# Data to process
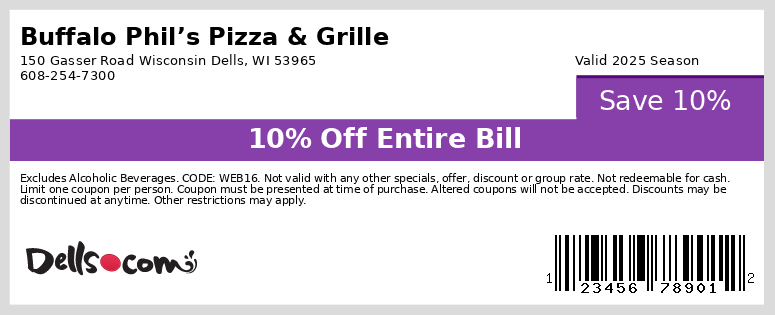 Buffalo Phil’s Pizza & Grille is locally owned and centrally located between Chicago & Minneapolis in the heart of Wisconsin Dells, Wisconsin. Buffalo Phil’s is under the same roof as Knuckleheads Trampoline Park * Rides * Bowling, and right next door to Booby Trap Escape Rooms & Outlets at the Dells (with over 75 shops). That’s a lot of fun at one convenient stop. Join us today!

--

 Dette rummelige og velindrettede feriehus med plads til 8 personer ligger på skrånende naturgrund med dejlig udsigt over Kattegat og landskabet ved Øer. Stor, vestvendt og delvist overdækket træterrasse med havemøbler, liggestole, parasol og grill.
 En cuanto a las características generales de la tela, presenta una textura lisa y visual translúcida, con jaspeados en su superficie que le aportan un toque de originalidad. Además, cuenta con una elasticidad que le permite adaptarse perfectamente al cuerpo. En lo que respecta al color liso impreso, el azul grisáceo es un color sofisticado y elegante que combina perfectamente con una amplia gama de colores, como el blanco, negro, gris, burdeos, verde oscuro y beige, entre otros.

# Exercise goal
Once you reach the line with "Dette rummelige og" in the data above, copy it and every line after it exactly, up to and including the line with "En cuanto a".

# The completed task
 Dette rummelige og velindrettede feriehus med plads til 8 personer ligger på skrånende naturgrund med dejlig udsigt over Kattegat og landskabet ved Øer. Stor, vestvendt og delvist overdækket træterrasse med havemøbler, liggestole, parasol og grill.
 En cuanto a las características generales de la tela, presenta una textura lisa y visual translúcida, con jaspeados en su superficie que le aportan un toque de originalidad. Además, cuenta con una elasticidad que le permite adaptarse perfectamente al cuerpo. En lo que respecta al color liso impreso, el azul grisáceo es un color sofisticado y elegante que combina perfectamente con una amplia gama de colores, como el blanco, negro, gris, burdeos, verde oscuro y beige, entre otros.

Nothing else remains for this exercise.